Recorded data:
▬▬▬▬▬▬

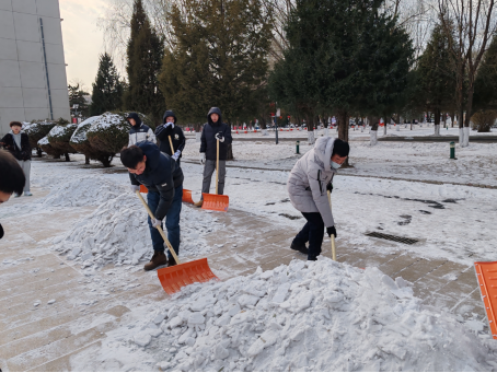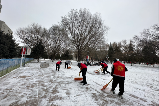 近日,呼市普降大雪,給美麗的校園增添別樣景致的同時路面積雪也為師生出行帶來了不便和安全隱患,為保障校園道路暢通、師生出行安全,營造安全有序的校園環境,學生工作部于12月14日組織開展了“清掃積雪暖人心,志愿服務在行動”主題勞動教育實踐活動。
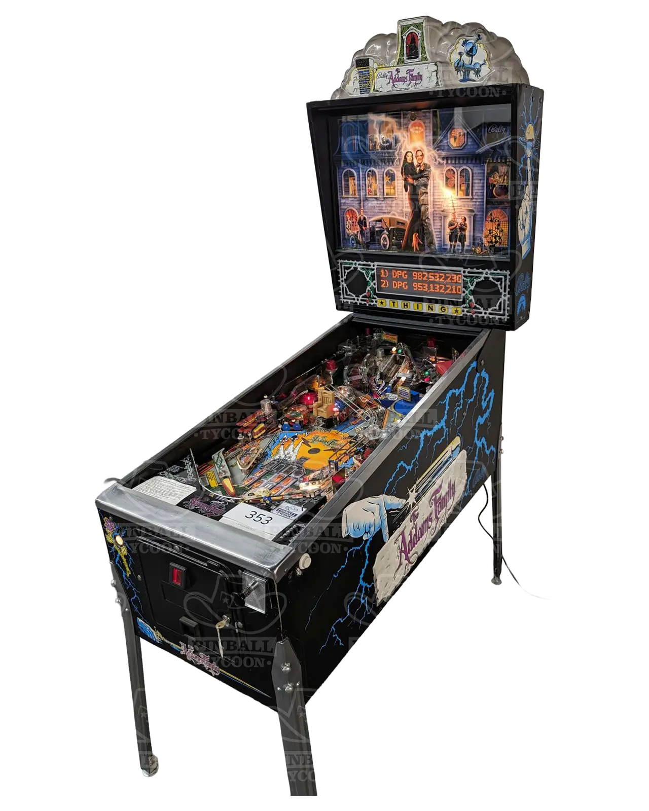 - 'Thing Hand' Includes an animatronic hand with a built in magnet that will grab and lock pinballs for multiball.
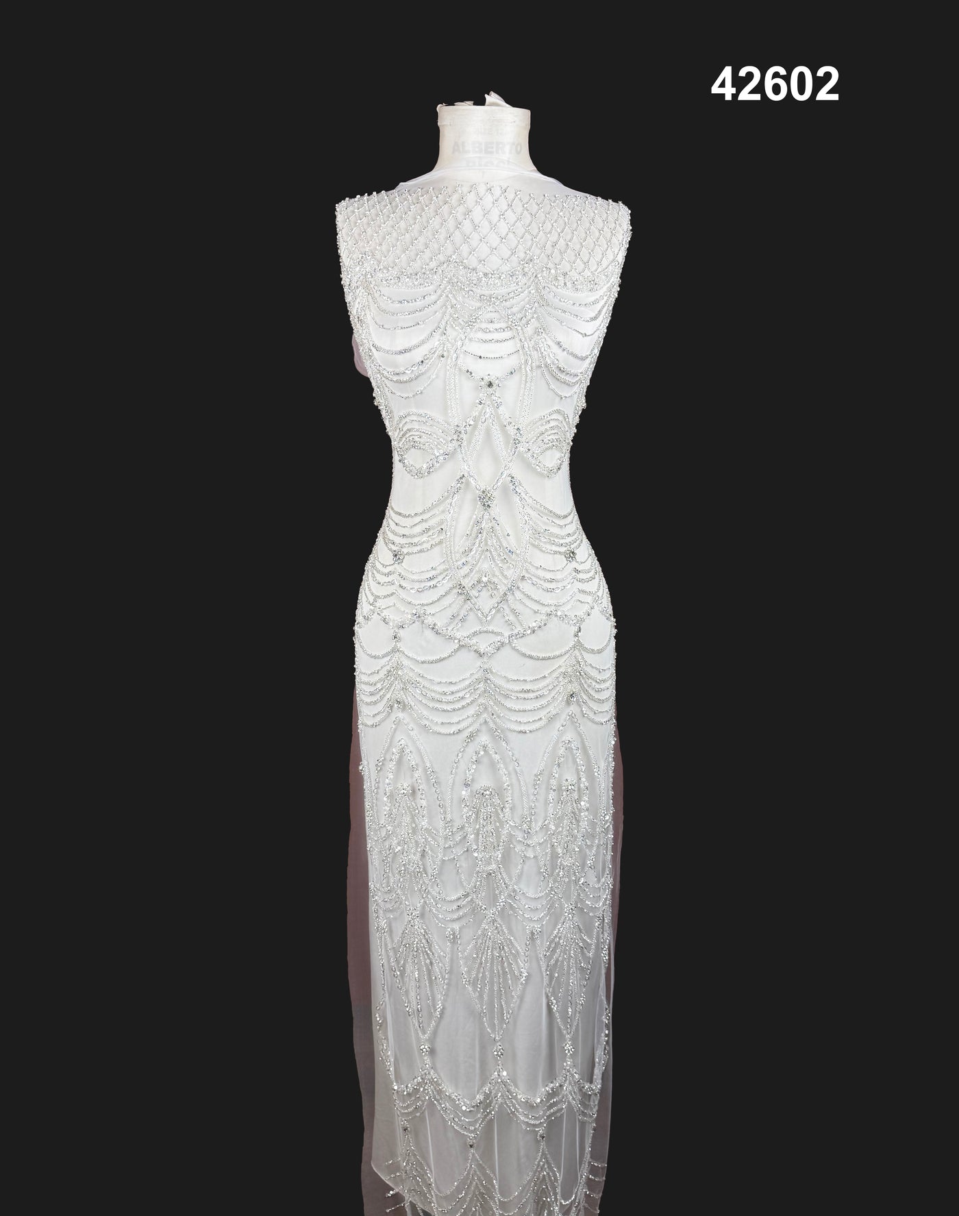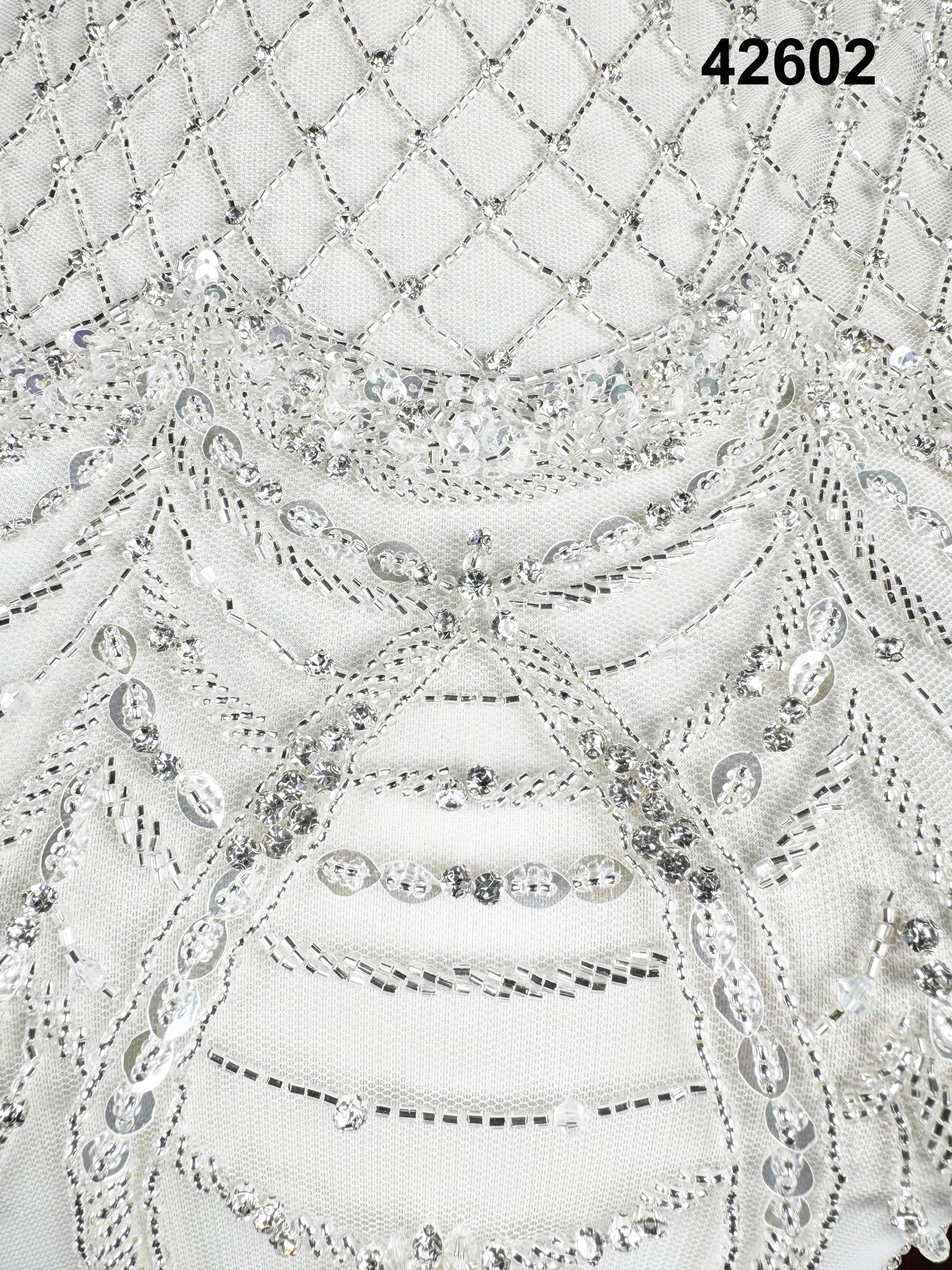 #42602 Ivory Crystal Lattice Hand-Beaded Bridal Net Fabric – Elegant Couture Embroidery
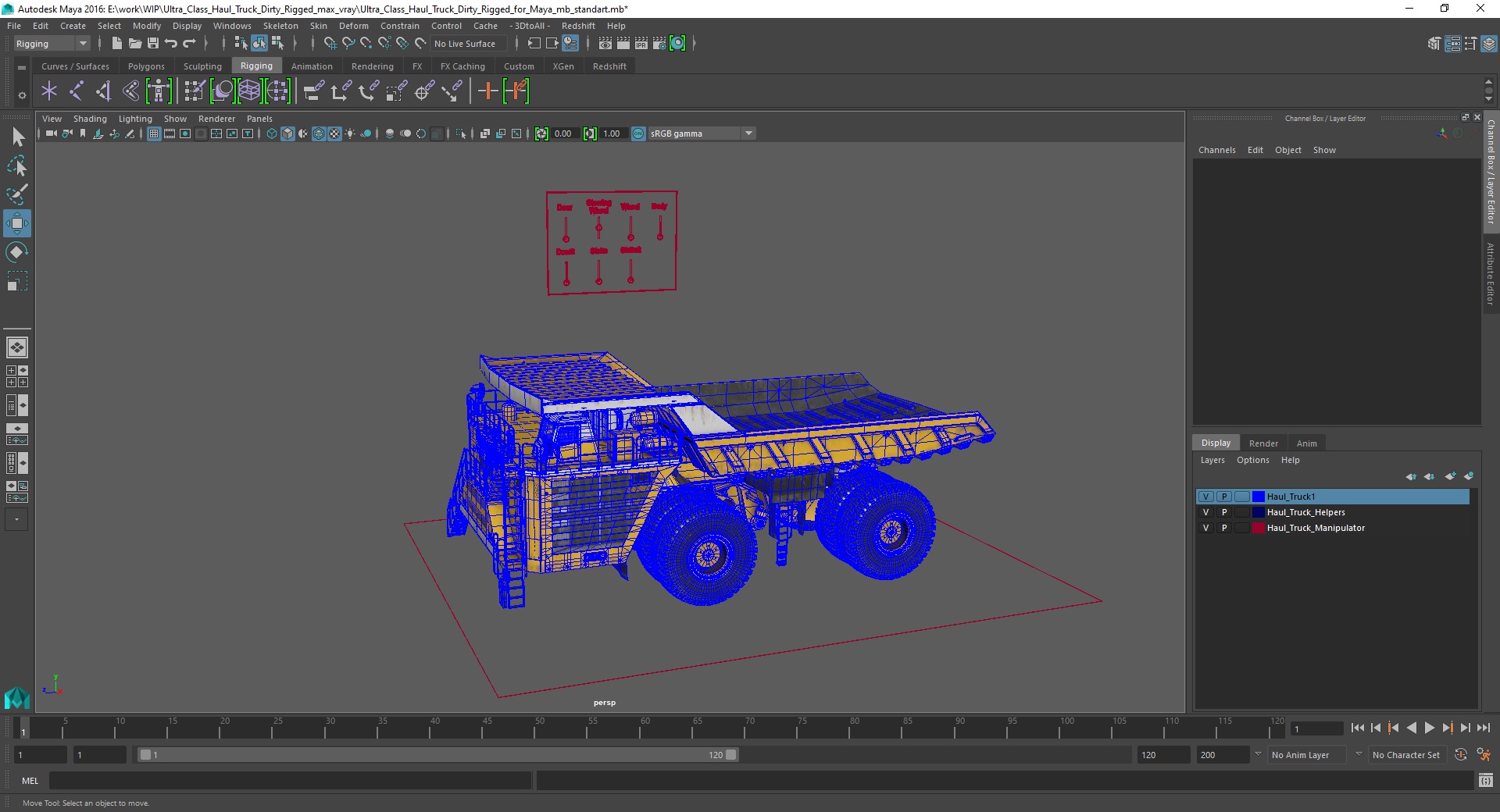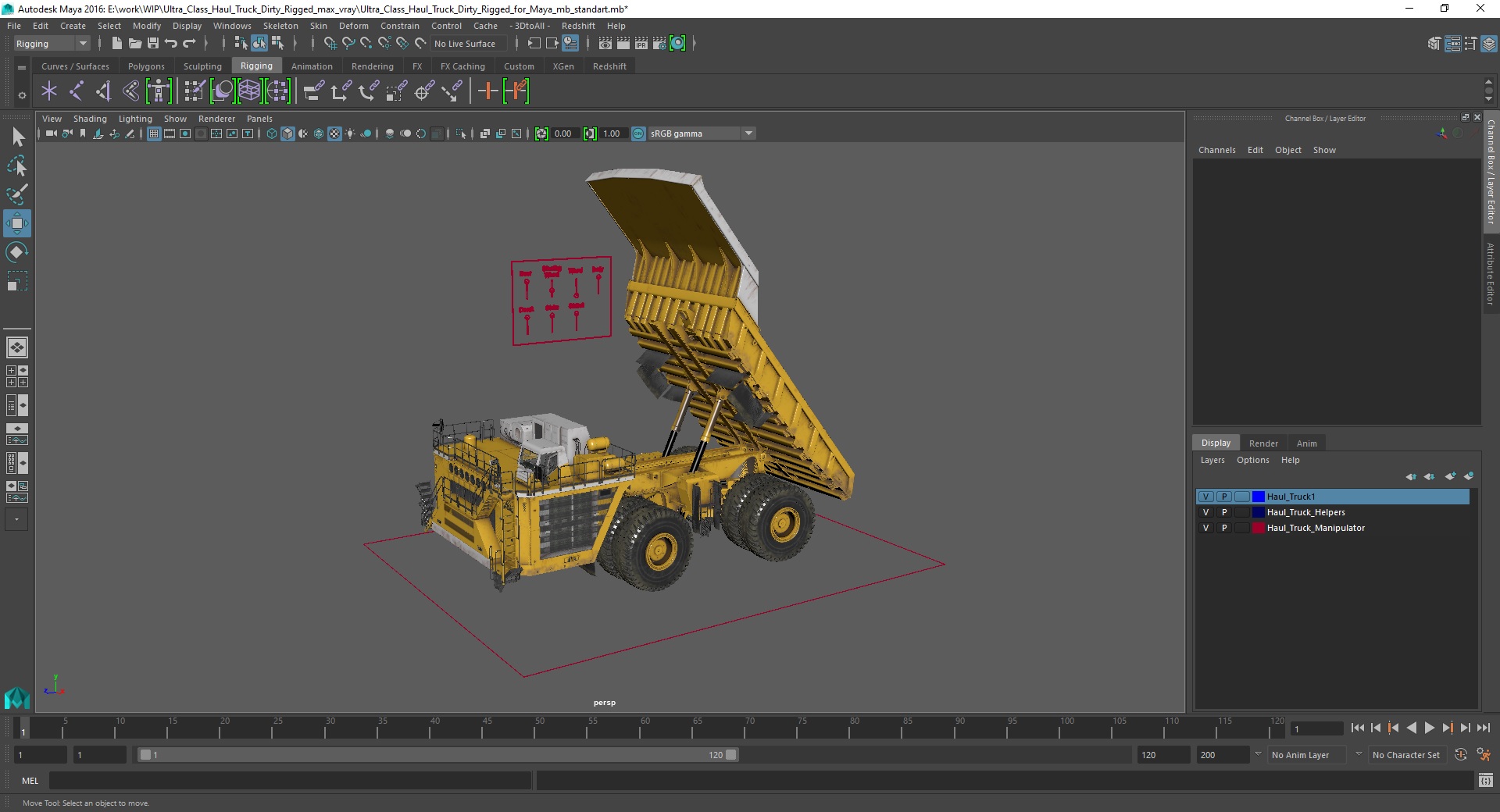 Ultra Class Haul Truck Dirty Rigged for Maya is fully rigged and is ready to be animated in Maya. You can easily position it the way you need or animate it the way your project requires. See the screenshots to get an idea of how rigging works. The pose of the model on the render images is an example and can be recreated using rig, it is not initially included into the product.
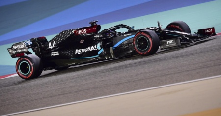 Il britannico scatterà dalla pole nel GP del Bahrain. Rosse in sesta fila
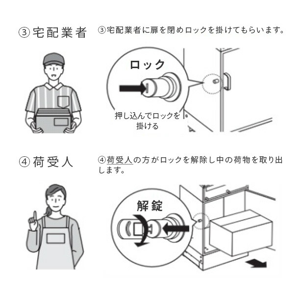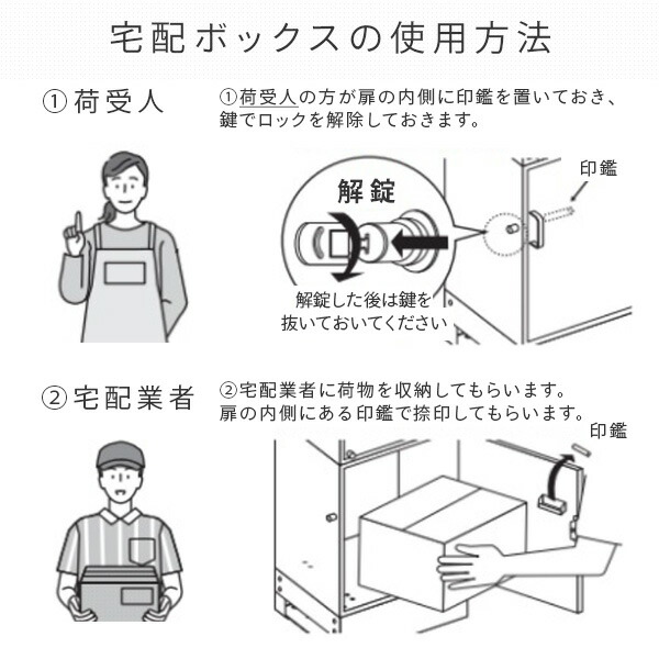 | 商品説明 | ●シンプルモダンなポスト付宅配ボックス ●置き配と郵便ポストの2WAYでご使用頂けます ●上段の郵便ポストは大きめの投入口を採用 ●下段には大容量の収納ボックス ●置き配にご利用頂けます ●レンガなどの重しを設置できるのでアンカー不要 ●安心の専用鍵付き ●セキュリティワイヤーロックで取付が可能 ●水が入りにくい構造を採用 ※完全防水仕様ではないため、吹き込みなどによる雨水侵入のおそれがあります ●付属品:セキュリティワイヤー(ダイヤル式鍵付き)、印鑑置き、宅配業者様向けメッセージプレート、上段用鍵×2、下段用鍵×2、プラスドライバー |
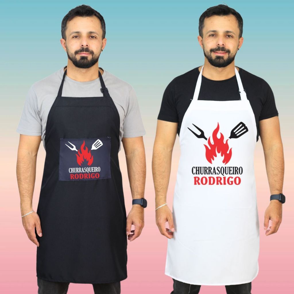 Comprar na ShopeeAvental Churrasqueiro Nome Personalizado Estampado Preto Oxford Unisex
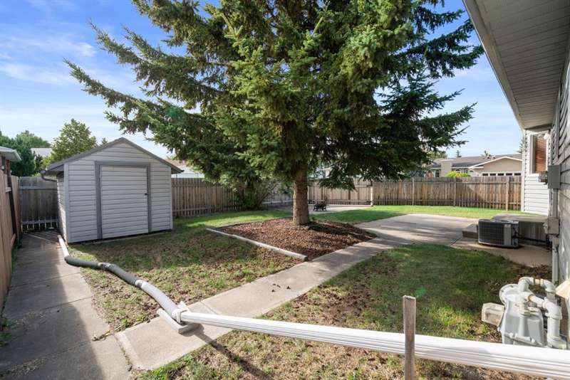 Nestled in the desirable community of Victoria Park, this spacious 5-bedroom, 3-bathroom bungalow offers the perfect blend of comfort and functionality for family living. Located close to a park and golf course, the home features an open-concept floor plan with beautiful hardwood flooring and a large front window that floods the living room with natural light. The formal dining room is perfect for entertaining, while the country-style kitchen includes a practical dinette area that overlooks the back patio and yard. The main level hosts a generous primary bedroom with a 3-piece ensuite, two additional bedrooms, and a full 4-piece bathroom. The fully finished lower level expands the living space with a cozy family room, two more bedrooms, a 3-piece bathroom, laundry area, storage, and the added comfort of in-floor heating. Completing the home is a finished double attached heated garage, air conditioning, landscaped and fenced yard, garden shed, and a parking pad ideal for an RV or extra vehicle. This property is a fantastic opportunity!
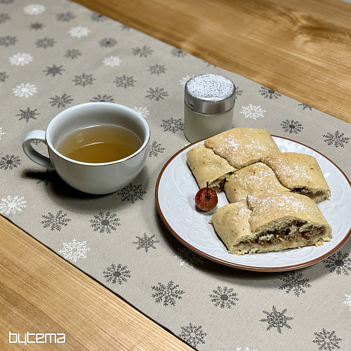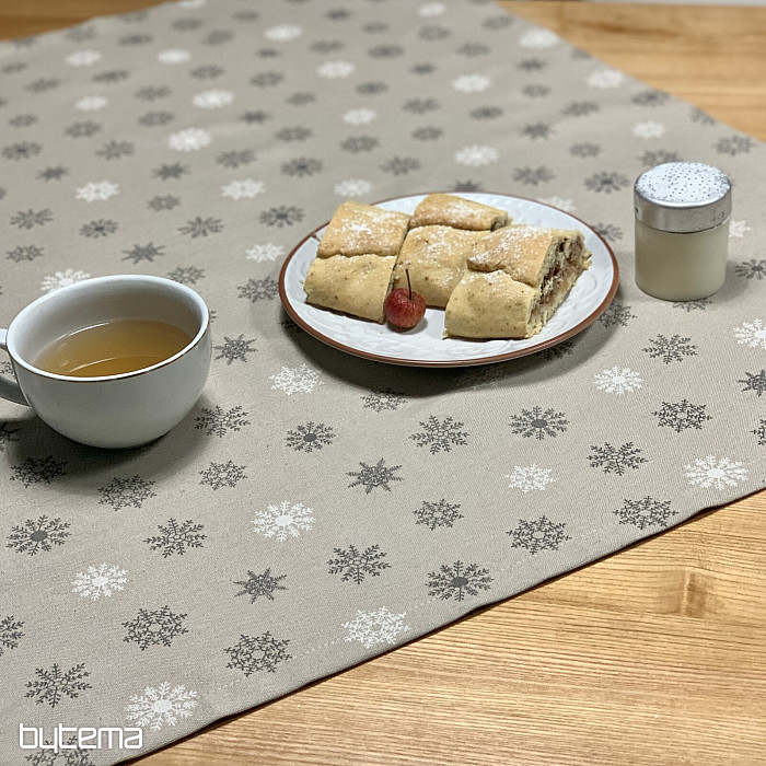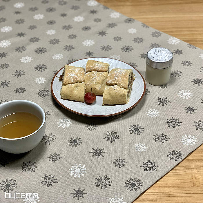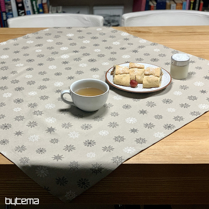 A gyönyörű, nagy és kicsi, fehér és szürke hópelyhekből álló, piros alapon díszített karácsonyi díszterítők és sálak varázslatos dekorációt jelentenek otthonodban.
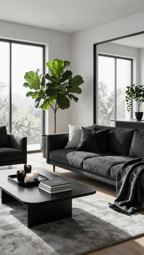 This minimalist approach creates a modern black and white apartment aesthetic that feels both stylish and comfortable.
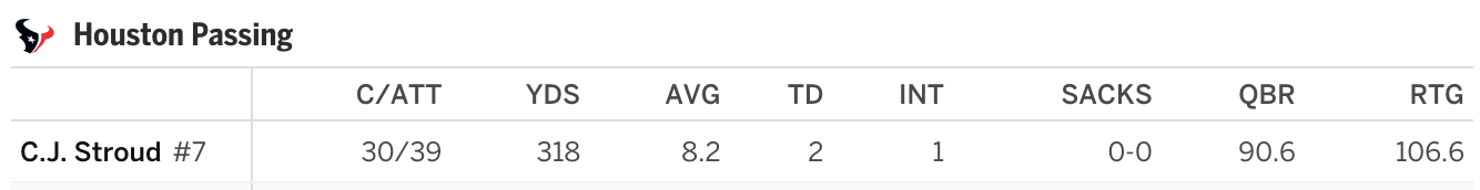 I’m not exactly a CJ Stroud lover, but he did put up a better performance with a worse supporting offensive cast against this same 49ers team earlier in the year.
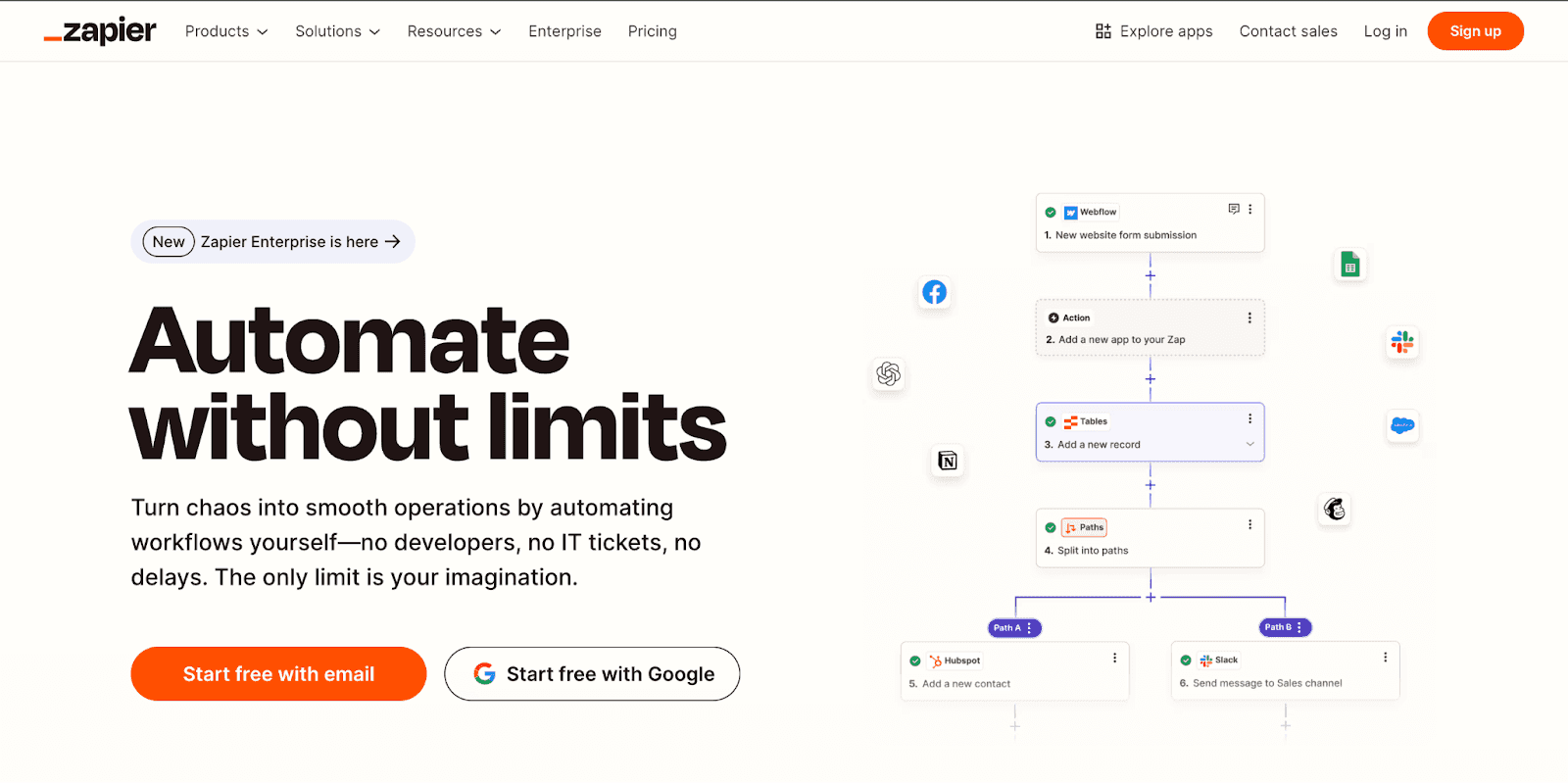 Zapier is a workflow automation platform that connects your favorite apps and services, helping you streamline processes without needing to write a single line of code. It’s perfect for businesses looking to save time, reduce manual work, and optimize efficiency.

▬▬▬▬▬▬

Once the line containing "I’m not exactly" is found, transcribe it and every line after it to the end of the records, exactly and with no pictures.

Answer below:
 I’m not exactly a CJ Stroud lover, but he did put up a better performance with a worse supporting offensive cast against this same 49ers team earlier in the year.
 Zapier is a workflow automation platform that connects your favorite apps and services, helping you streamline processes without needing to write a single line of code. It’s perfect for businesses looking to save time, reduce manual work, and optimize efficiency.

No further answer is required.